Damon thought, I could do the rest of this shit tomorrow before school. Get up hella early, bomb through it. I could say I did it but I lost it. I could say I forgot it. I could do it tomorrow night. Hand it in late for half credit. I could not do it. Toss my backpack in the back of Ryan’s Expedition and forget it. And for a few hours out of twenty-four do what the fuck I want to do.

“Naw, not tonight,” he told Ryan. “Fuckin’ washed, bro.”

“Whatever, chag,” Ryan said.

When Damon got home, he went straight to his room. He turned on the desk light and shoved the sweatshirts and candy wrappers and broken pens and DVDs onto the floor. He scrolled through his phone to look at funny shit on Vine but didn’t even stay on five minutes. He got all his books out and Jenny’s list and for the first time ever he did everything on it. Not even joking. Every last thing.

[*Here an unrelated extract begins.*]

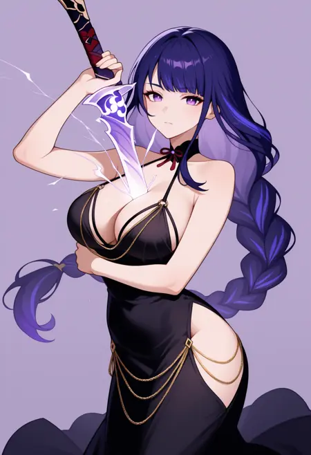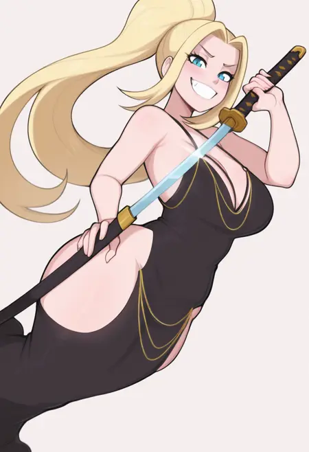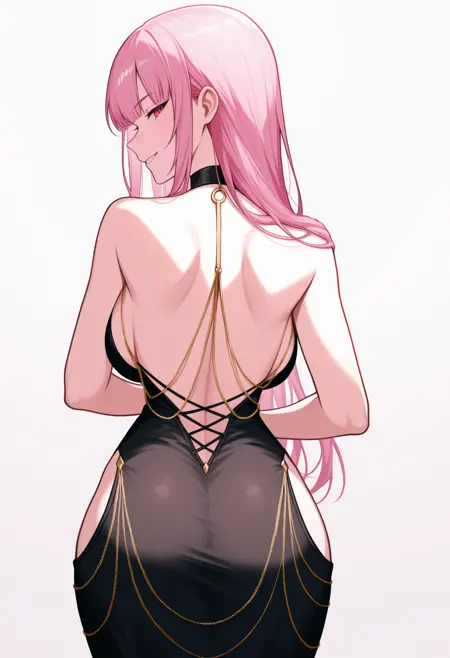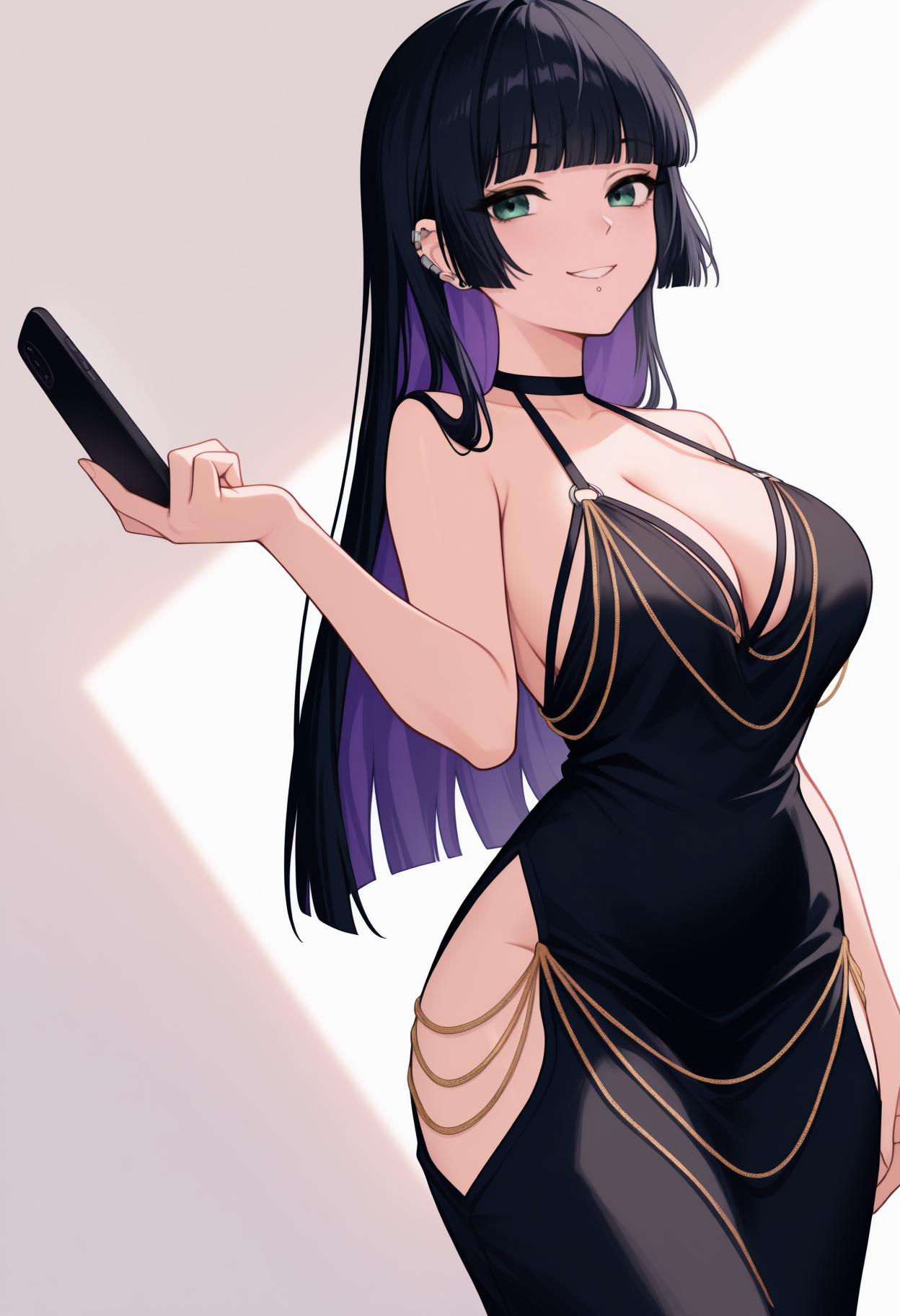 トリガー+追加タグ: modakawa, long dress, black dress, sleeveless dress, hip vent, gold chain, bare shoulders, cleavage

After a couple weeks, it got to the point where Jenny didn’t even cringe when he came in. He was turning in work, and his math grades had gone up to C’s instead of F’s. And he was feeling different. Not smoking or drinking, so his head got clearer. He was still killing zombos on Xbox but it wasn’t the first thing he went to, and he didn’t lose those hours that used to go by before he was even aware. Now mostly he played at Ryan’s or Nick’s place. It was better than playing alone and they were mostly cool with him not smoking. Most of all, he was doing better at what Lance said, like not getting so heated when teachers glared at him, and breathing when he felt cooped up. At the tutoring place, Jenny started leaving the door to the isolation room open so he could hear the buzz of kids outside. She said pretty soon they’d be out in the main room and he’d get to use a computer again. She didn’t even mind when he came in—came right up to him and asked to help without glancing at anyone.



The night of Elisabeth Avarine’s party—the night he got the BMW back—Damon went and picked up Ryan. As they bombed down the half-empty streets toward Elisabeth’s house, they were slapping old-school Tupac loud enough to shake the seats. He didn’t know what was gonna happen that night, but he hadn’t had a drink in weeks and he didn’t think he needed one. He was good. He was back.

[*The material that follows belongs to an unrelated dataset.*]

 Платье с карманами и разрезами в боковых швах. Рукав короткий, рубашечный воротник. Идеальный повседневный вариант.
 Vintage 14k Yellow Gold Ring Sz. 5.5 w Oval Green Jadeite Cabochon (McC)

Elisabeth Avarine lived in one of those big old ghost-story-looking houses in the canyon behind Old Mill Park, on a street that was like two mountains sucking in so cars and people could sneak through. Damon slid the car into a little groove next to a redwood tree and stepped out feeling pretty good—considering he hadn’t had a car in months, he still parked like a fuckin’ pro. He didn’t bother to lock it because this was Mill Valley and anyone who’d be tryna take a BMW was going to be inside the party with him. And people would be getting too wasted to be running around stealing cars and shit.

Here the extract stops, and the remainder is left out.